TASK TO CARRY OUT: Please, from the entries below, transcribe exactly the lines that begin at the line with "所有机构都会同时采用线上和线" and end at the line with "Bridges® by EPOCH", without the pictures.

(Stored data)
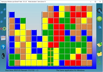 Это уединенная игра. Чтобы играть то же самое, вам нужно удалить большую часть фрагментов по зонам. Зоны выполнены из соседних одинаковых плиток. Вы можете выбрать различные уровни игры (3, 4 или пять цветов). Вы можете выбрать другой размер платы в меню «Настройка». Базовая оценка отображается в строке состояния. Он увеличивается на величину размера зоны. Учитывается только зона над двумя плитами. Вы должны взять большую зону, чтобы получить хороший результат. Игра быстро увеличивает конечный результат. Игра с четырьмя или пятью цветами увеличивает счет. Лучшие игроки - это те, кто решает совет за меньшее время, чем другие, принимая большие зоны с большим количеством цветов. Это классическая игра Same с возможностями отмены / повтора. поддержка на семнадцати языках (немецкий (Германия), английский (США), арабский (Саудовская Аравия), Бангладеш (Бангладеш), Китайский (Китай), испанский (Испания), французский), хинди (Индия), венгерский (Венгрия) , Италия (Италия), японский (Япония), малайский, голландский (Нидерланды), норвежский (bokmål) (Норвегия), португальский (Португалия), русский (Россия), шведский (Швеция)) Инвалиды поддерживают клавиатуру.
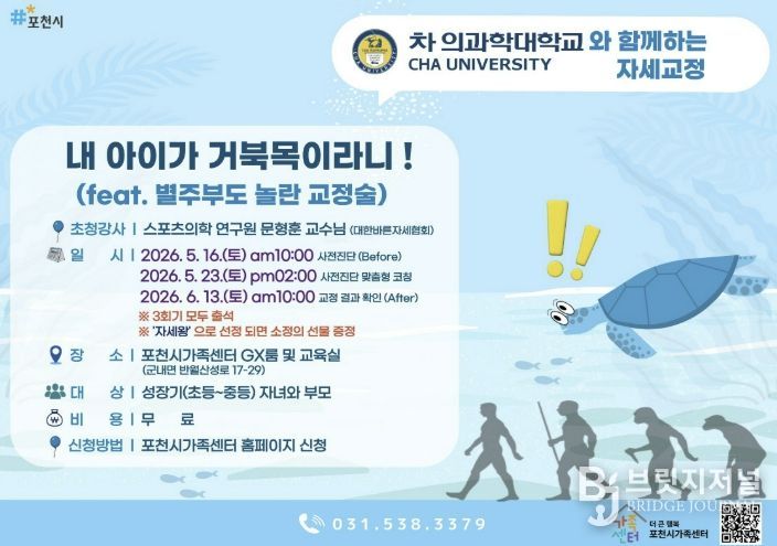 브릿지저널 김경미 기자 | 포천시 더 큰 행복 포천시가족센터는 오는 5월 16일부터 6월 13일까지 성장기 자녀를 둔 가족을 대상으로 부모역할지원사업 ‘내 아이가 거북목이라니! feat.별주부도 놀란 교정술’ 프로그램을 운영한다.
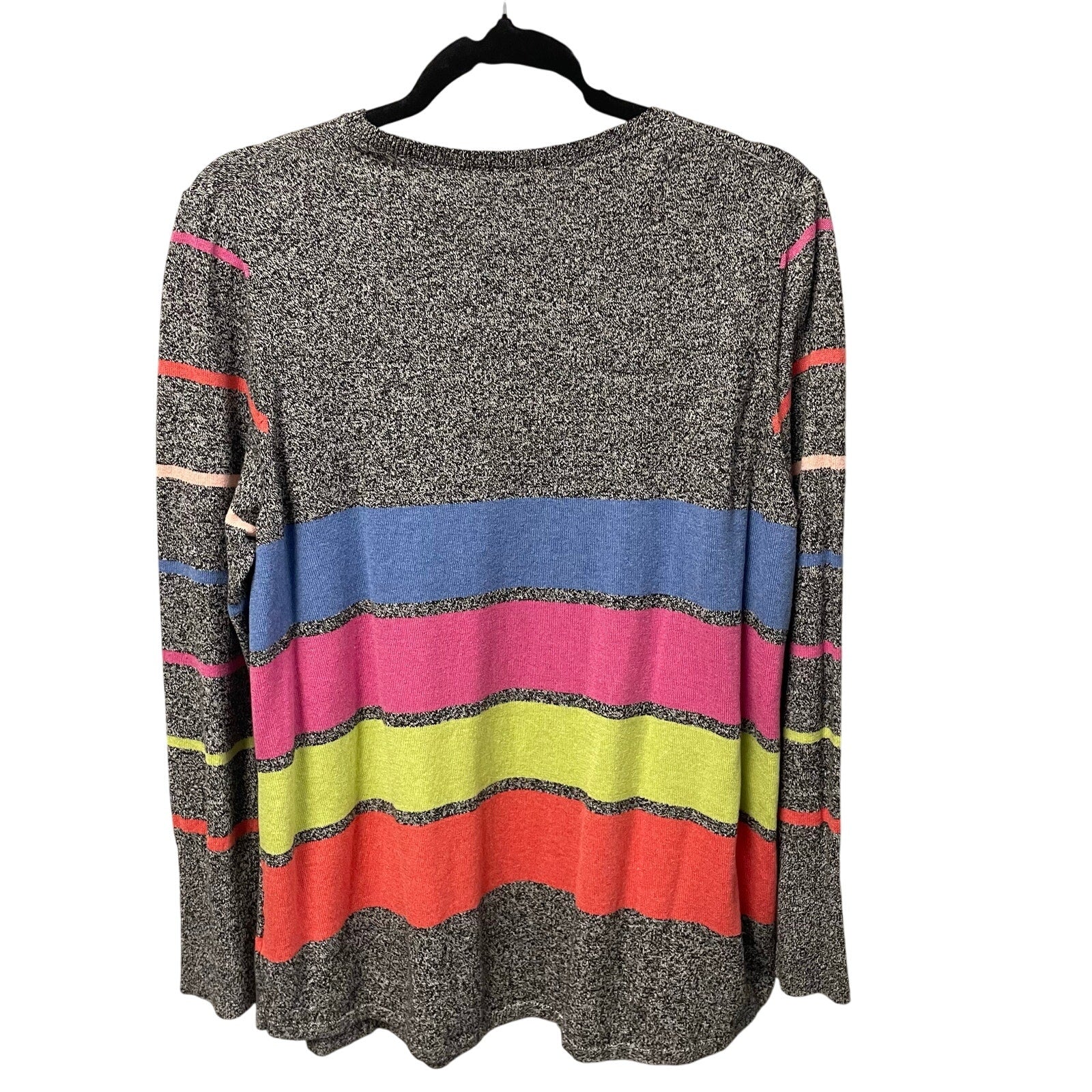 • Features: Pullover styling, Black and white heathered knit with multicolor striped pattern on front back and sleeves, Crewneck, Cotton blend
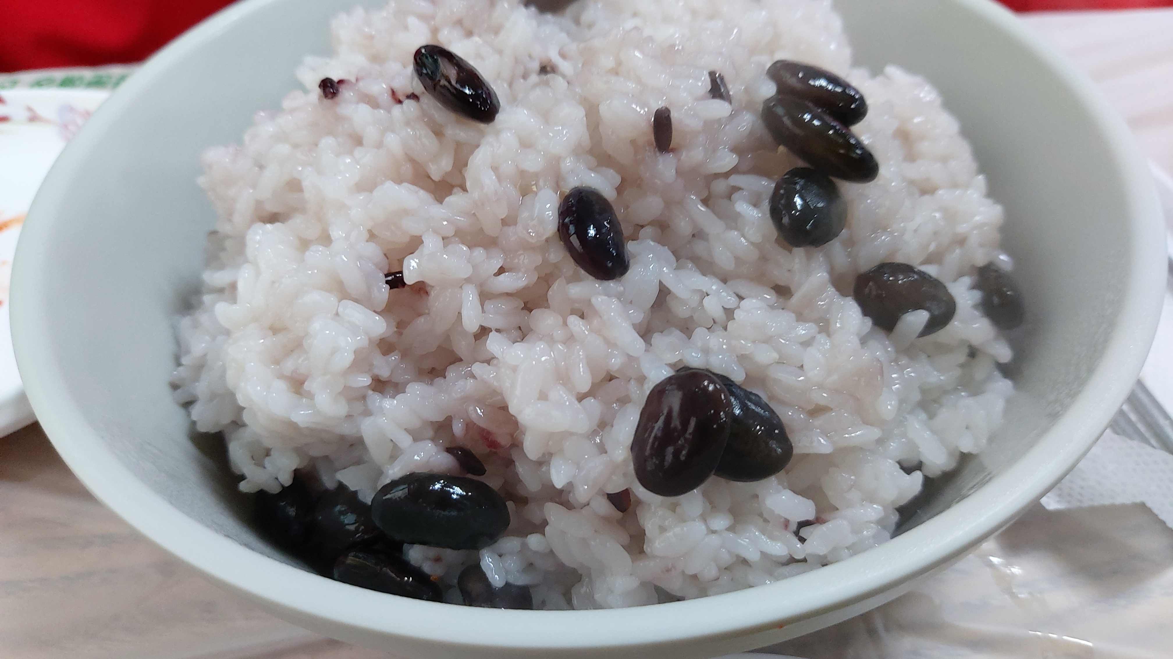 평택쌀에 현미와 검은콩을 넣고 바로 지어다 주는 것처럼 보이는 밥은 윤기 있고 맛도 좋습니다.
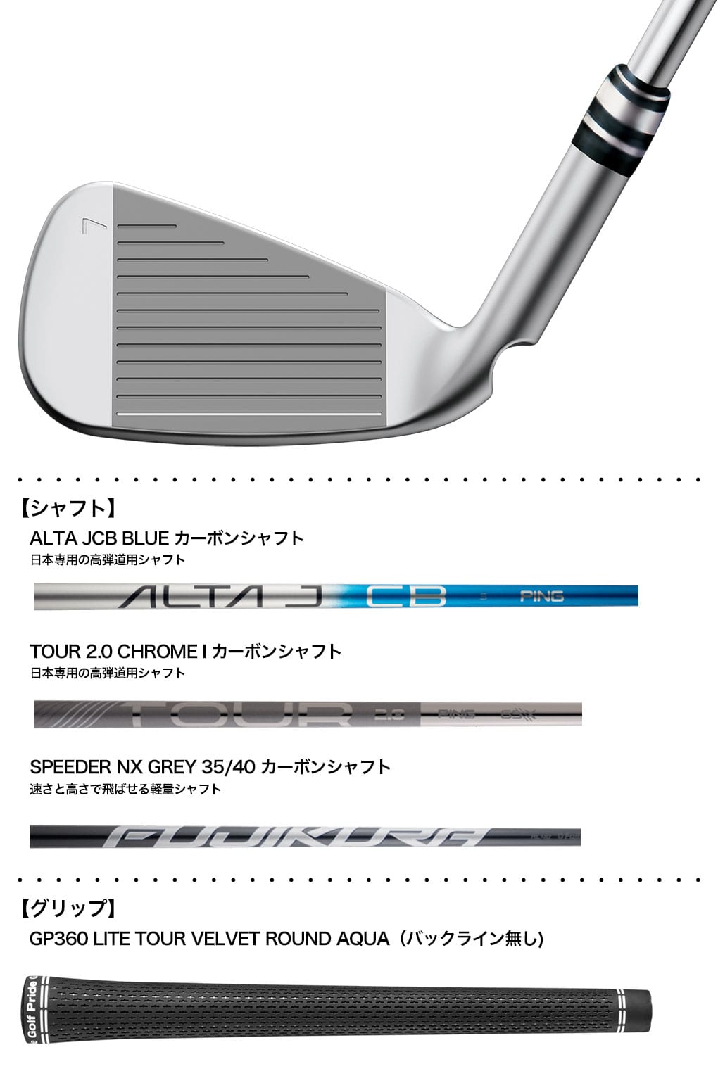 | シャフト名 | ALTA J CB BLUE | TOUR 2.0 CHROME I | SPEEDER NX GREY 35 | SPEEDER NX GREY 40 |
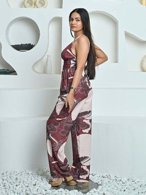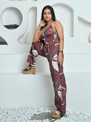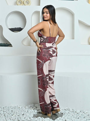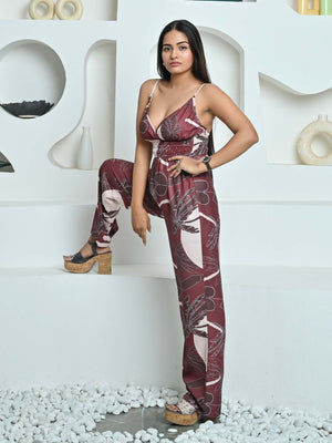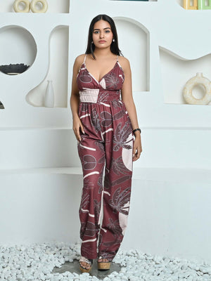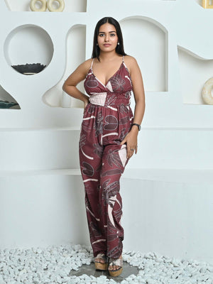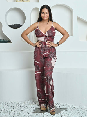 Perfect for a night out with friends or office party this chic style party Jumpsuit in brown beige tropical sun print with details on waistline, sleeveless and strappy details making it a big hit for this season, creating FOMO in the category.
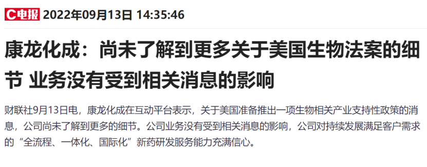 對此,有媒體記者今天以投資者身份致電凱萊英證券事務部,相關公司人員回應:大跌或許是市場對于潛在風險的擔憂,但目前看,公司與美國的合作是在小分子化學藥領域的CDMO訂單,沒有生物藥方面的合作。
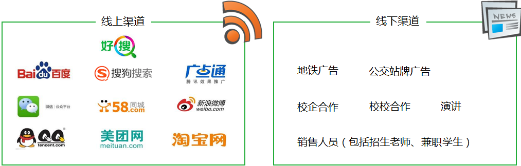 所有机构都会同时采用线上和线下渠道,线上渠道使用多的是:百度、好搜、搜狗、广点通;线下渠道使用多的是:销售人员(职业院校)、平面广告(专业资格)、校企合作、演讲(技能培训)。
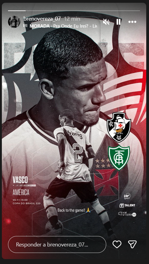 O lateral-direito Breno Vereza está relacionado pro jogo desta quarta-feira, às 15h, contra o América-MG, pela Copa do Brasil Sub-20. O jogador se recuperava de um estiramento na coxa direita. Reforço importante para o time, que perdeu o jogo de ida por 2 a 0.
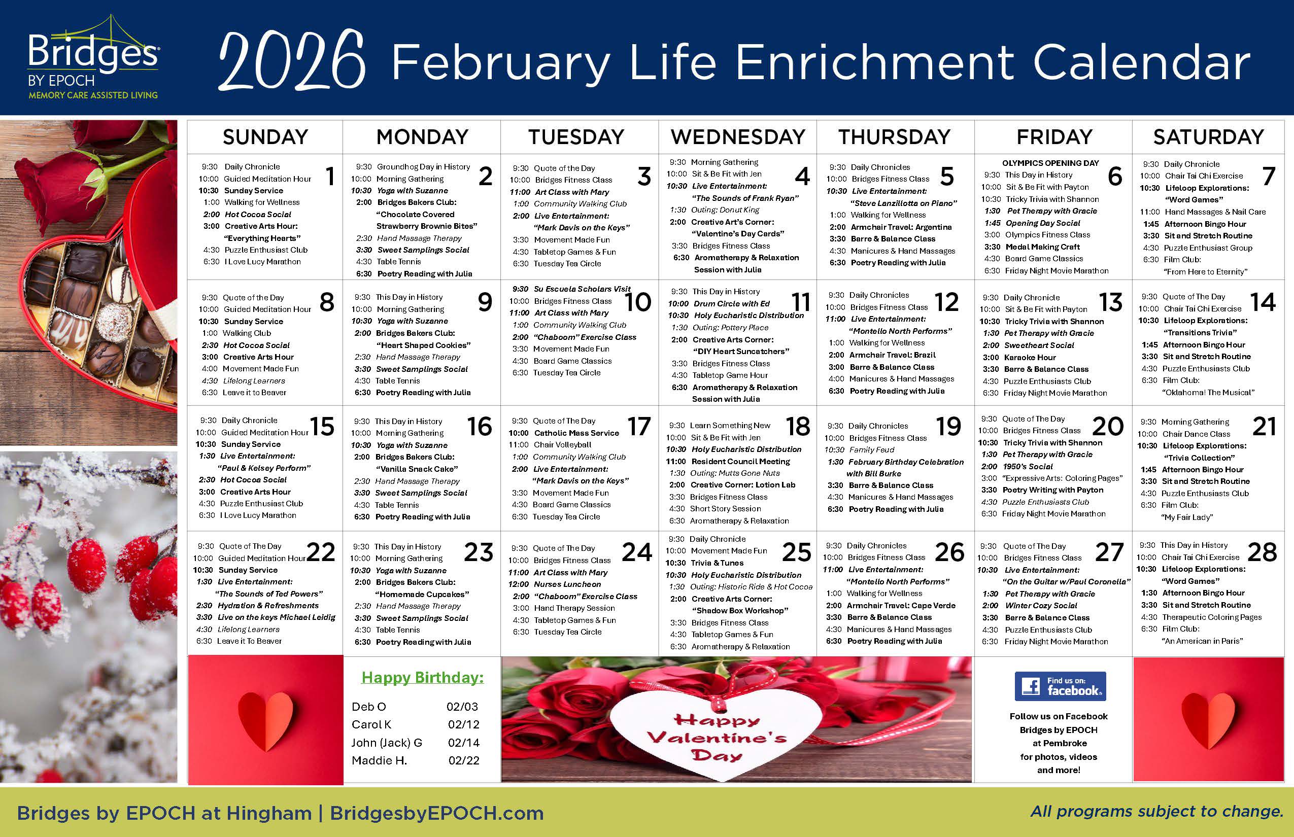 Bridges® by EPOCH at Hingham features three secure, residential households – Bare Cove, Cushing and Shipyard. Each household has private and companion suites, as well as its own inviting common spaces that look and feel like home.
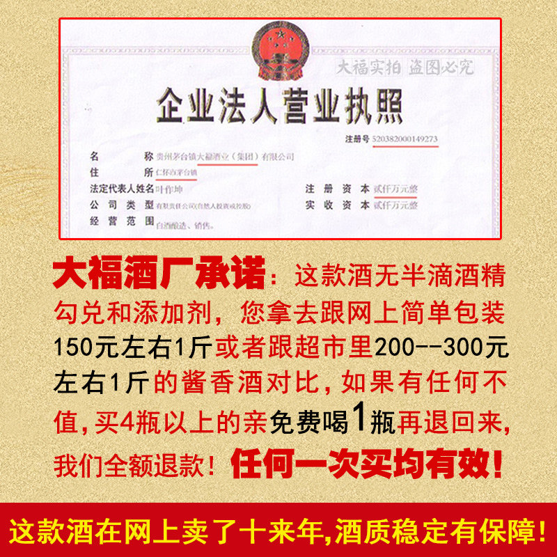 大福酒厂 酱香型白酒53度贵州国产自酿纯粮食原浆收藏纯坤沙老酒
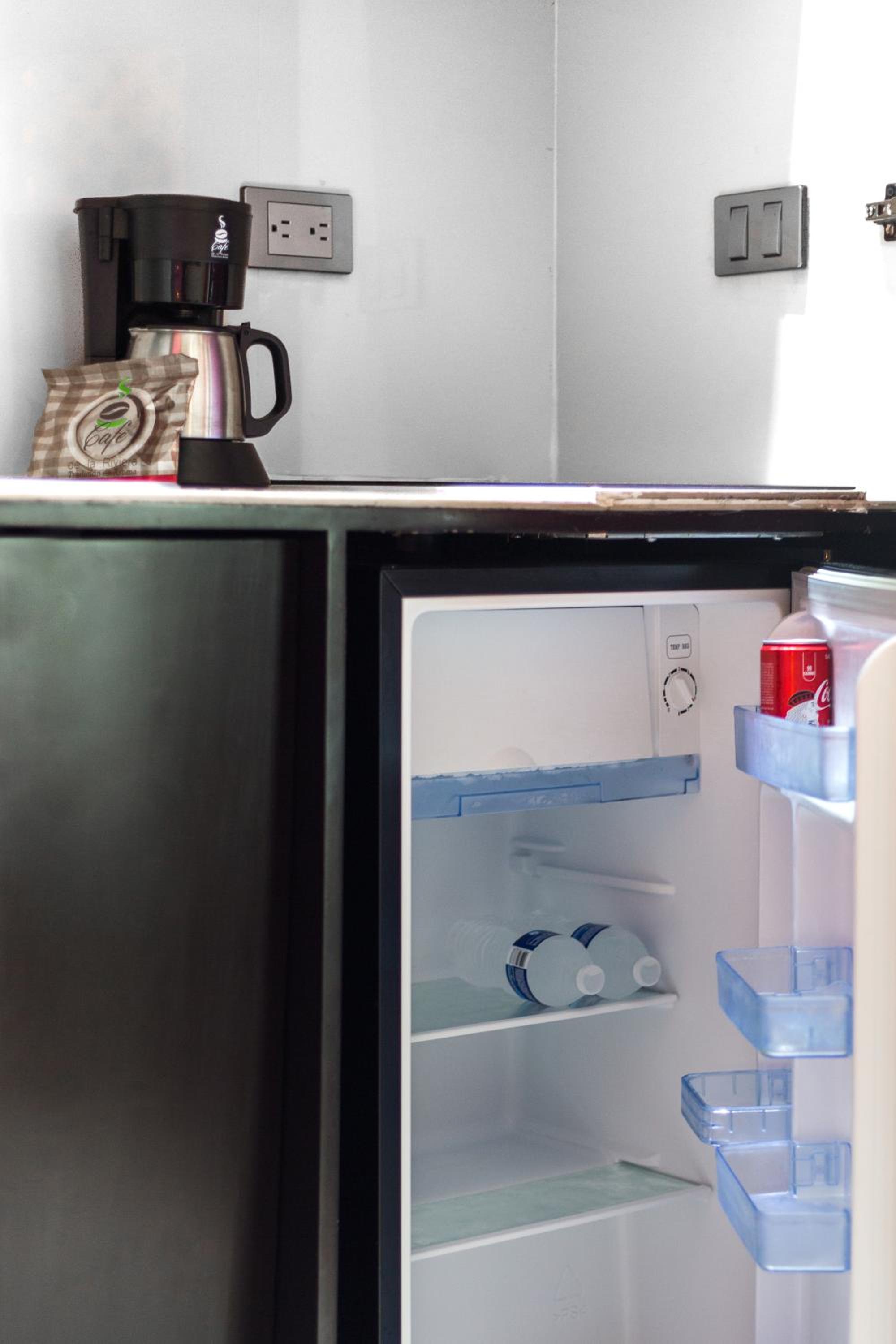 The room was equipped with the essential plates, knives, and a refrigerator, providing everything I needed for my stay

TASK OUTPUT:
 所有机构都会同时采用线上和线下渠道,线上渠道使用多的是:百度、好搜、搜狗、广点通;线下渠道使用多的是:销售人员(职业院校)、平面广告(专业资格)、校企合作、演讲(技能培训)。
 O lateral-direito Breno Vereza está relacionado pro jogo desta quarta-feira, às 15h, contra o América-MG, pela Copa do Brasil Sub-20. O jogador se recuperava de um estiramento na coxa direita. Reforço importante para o time, que perdeu o jogo de ida por 2 a 0.
 Bridges® by EPOCH at Hingham features three secure, residential households – Bare Cove, Cushing and Shipyard. Each household has private and companion suites, as well as its own inviting common spaces that look and feel like home.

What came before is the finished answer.